We go to Friday night high school football games at the old Honolulu Stadium. Texas gets “Friday Night Lights” glory, but the whole island fills this stadium each week. These nights end at a coffee shop — Coco’s? — with a tall glass of green Jell-O, whipped cream and a cherry on top.
I think he must have attended every high school on the leeward side. His dad enrolled him at Punahou, the exclusive private school for pillars’ kids. My dad counted as a great point of glory getting himself kicked out. Then he got kicked out of just about all the public schools. The very devil himself.
— — —
“Don’t do what I did.” He repeats this advice often. But I drink with him.
One night we walk home two miles from our favorite pub, bellowing we’re off to see the wizard, the wonderful wizard of Oz. It’s past 2 a.m. in a driving storm full of all the furies and flashes. Still, some lights flick on behind us, and between thunderclaps someone shouts from window to knock it off. We laugh, and start up again.
Sometimes we sail together, sometimes on other boats. Once we talk at the end of a dock after a rare race into Pearl Harbor. His turn about his race, mine about mine, neither really hearing the other but having a great, great time at sunset in balmy Hawaii at the end of a remarkable day. One of those moments. Now I forget which of us was on a decisive tack when a submarine surfaced in front of our boat.

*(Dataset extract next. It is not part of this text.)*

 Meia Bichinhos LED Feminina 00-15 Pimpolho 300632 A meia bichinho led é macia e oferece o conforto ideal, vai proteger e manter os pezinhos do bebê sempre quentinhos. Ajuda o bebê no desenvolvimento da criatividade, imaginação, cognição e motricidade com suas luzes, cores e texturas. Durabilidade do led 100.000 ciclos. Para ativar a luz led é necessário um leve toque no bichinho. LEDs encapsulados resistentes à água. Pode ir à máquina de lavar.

Past a certain point, he’s a mean drunk. There’s him, a sharp, funny, caring guy. Then there’s him, the nasty drunk. We have a falling out, punctuated with a short fistfight that still haunts me, a young man sculpted by the swells and the sea. There is no excuse.
I take to sleeping on a friend’s sailboat, showers at the yacht club, working as a bartender at a Waikiki hotel. We make up one night when I awaken to the boat headed out the harbor to an ocean riled enough for big waves to break across the entrance. My dad and a friend had a few, decided to go. We scoot out between bigger sets, on the way back in careful to line green lights to starboard, red to port, hope to God to cross the threshold between the breakers.

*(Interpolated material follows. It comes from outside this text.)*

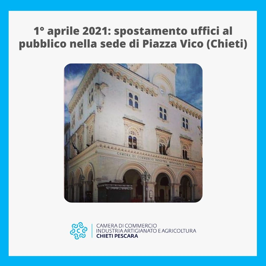 Dal primo aprile, per motivi di manutenzione straordinaria, tutti gli uffici al pubblico della sede di Chieti Scalo, in Via Fratelli Pomilio, saranno trasferiti temporaneamente nella sede della Camera di Commercio di Piazza Vico a Chieti.

Before my first year on the hotshot crew in Santa Barbara, apparently I drive my girlfriend nuts ruminating about my father in that way of the son fixated about measuring up.
I fly to Honolulu after that first endless fire season, pockets full from a big year. Dad delivers a putdown across a glass table in Waikiki across the street from the ocean. I tell him in earthy terms he can say what he wants, I owe him nothing, will decide on my own such things, stick it you know where if you don’t like it.
In that moment, we have a new relationship. Like I’ve passed some test I no longer cared about, which I guess is the test. Seems to be a man thing. Like he no longer sees a boy.
— — —
One last test? He left no directive. Another in his line of lessons. But I think I know what he’d want.
We’re flying now, scolded by a flight attendant to get back to our seats while it’s so bumpy, more to come. No doubt.
We learned later he liked to get up, turn on a lamp and read the paper first thing. Lot of memories there. That morning his roommate found the light on, he slumped over, morning edition forgotten. I can’t blame her for calling 911. What else could she do? I’d do the same.
Now the body breathes, the heart beats. But is anyone there? The early signs of brain function all line up exactly the wrong way. But my friend the cardiologist cautioned it’s still early. Anything is possible.
The prognosis will become clearer in 72 hours. We’ll be there, by his side, decisions to make. Dear God.